Here, we tested and compared a panel of 16 PI3K/AKT/mTOR inhibitors (XL765, Miltefosine, Rapamycin, CCI-779, RAD001, FK506, XL147, GSK2110183, IPI-145, GSK2141795, BYL719, GSK458, CAL-101, XL765 analogue SAR245409, Triciribine, and GDC0941) that have entered clinical trials for antitumor activity against ovarian cancer, as well as the front line drug, paclitaxel. Antitumor efficacy was measured in both ovarian cancer cell lines and patient-derived ovarian primary tumor cell lines in vitro and in vivo.

Results

We identified the PI3K/mTOR dual inhibitor GSK458 as a potent inhibitor of proliferation in all cell lines tested at half maximal inhibitory concentrations (IC₅₀) of approximately 0.01-1 µM, a range tens to hundreds fold lower than that of the other PI3K/AKT/mTOR inhibitors tested. Additionally, GSK458 showed the highest inhibitory efficacy against ovarian cancer cell migration.
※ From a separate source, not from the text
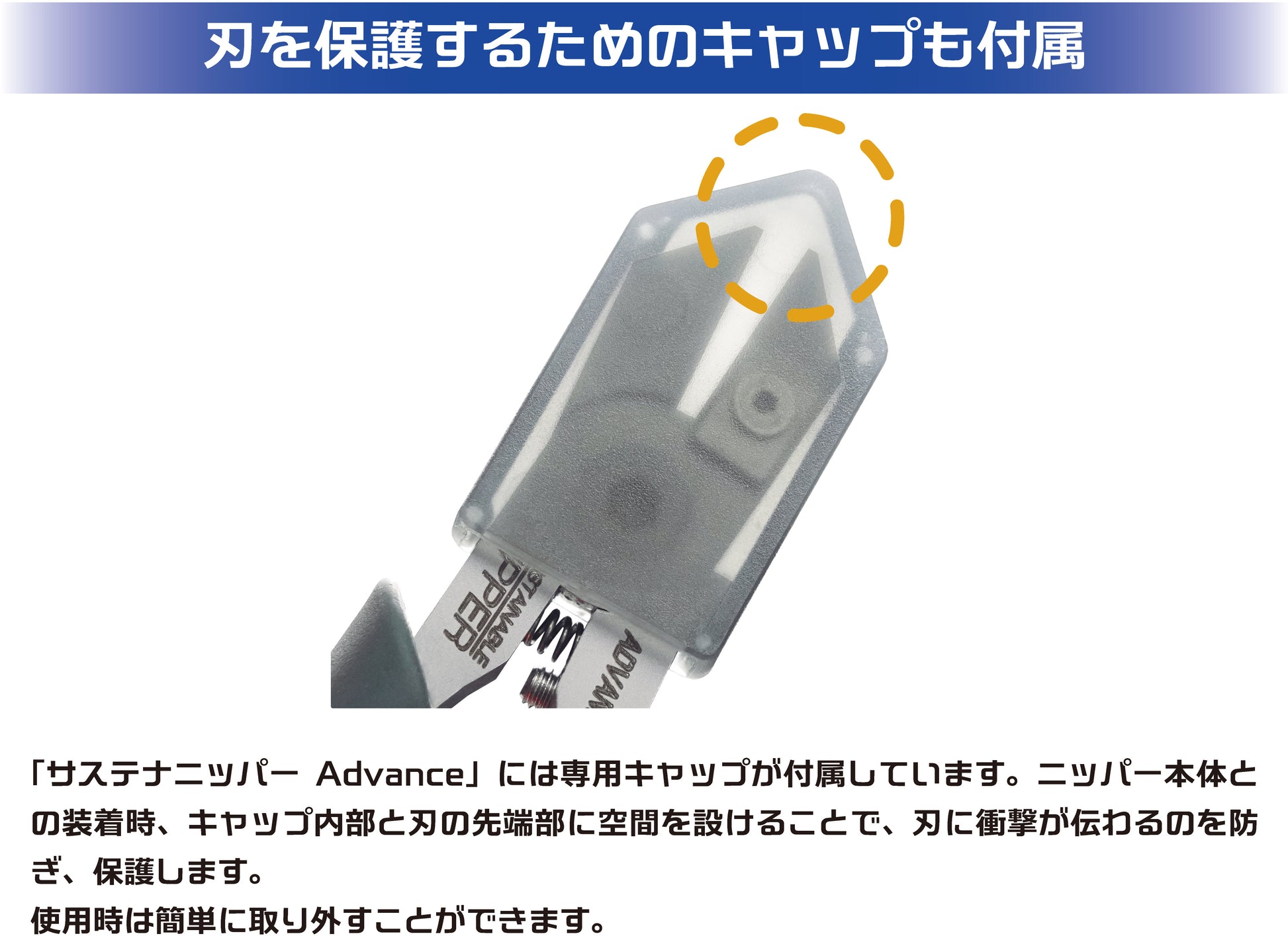 The "Sustainable Nipper Advance" comes with a dedicated cap. When attached to the nipper body, it creates space between the cap and the tip of the blade, preventing impact transmission and providing protection. It can be easily removed during use.

GSK458 also inhibited tumor growth and metastasis in nude mice intraperitoneally engrafted with SKOV3 cells or a patient-derived tumor cell xenograft (PDCX). Importantly, the inhibitory efficiency of GSK458 on cell proliferation and migration both in vitro and in vivo was comparable to that of paclitaxel. Mechanistically, the anti-tumor activity of GSK458 was found to be associated with inactivation of AKT and mTOR, and induction of cell cycle arrest at the G0/G1 phase.

Conclusions

Based on our results, we conclude that GSK458 may serve as an attractive candidate to treat ovarian cancer.

中文翻译：

PI3K / mTOR双重抑制剂GSK458可有效阻止卵巢癌的肿瘤发生和转移。

目的

PI3K / AKT / mTOR途径是晚期卵巢癌中激活程度最高的细胞信号传导途径之一。尽管已开发出几种PI3K / AKT / mTOR抑制剂来治疗各种类型的癌症，但许多此类化合物对卵巢癌的抗肿瘤功效仍不清楚。

方法

在这里，我们测试并比较了16种PI3K / AKT / mTOR抑制剂（XL765，米替福辛，雷帕霉素，CCI-779，RAD001，FK506，XL147，GSK2110183，IPI-145，GSK2141795，BYL719，GSK458，CAL-101，XL765类似物SAR245409，Triciribine和GDC0941）已进入临床试验，以抗卵巢癌的抗肿瘤活性，以及前线药物紫杉醇。在体外和体内，在卵巢癌细胞系和患者来源的卵巢原发性肿瘤细胞系中均测量了抗肿瘤功效。

结果

我们将PI3K / mTOR双重抑制剂GSK458确定为在所有最大抑制浓度（IC ₅₀）约为0.01-1 µM的一半的测试细胞系中的有效增殖抑制剂，其范围比其他PI3K / m3低数十至数百倍测试了AKT / mTOR抑制剂。此外，GSK458对卵巢癌细胞的迁移表现出最高的抑制作用。GSK458还抑制了腹膜内植入SKOV3细胞或患者源性肿瘤细胞异种移植物（PDCX）的裸鼠的肿瘤生长和转移。重要的是，GSK458在体外和体内对细胞增殖和迁移的抑制效率与紫杉醇相当。从机理上讲，发现GSK458的抗肿瘤活性与AKT和mTOR的失活以及诱导细胞周期阻滞在G0 / G1期有关。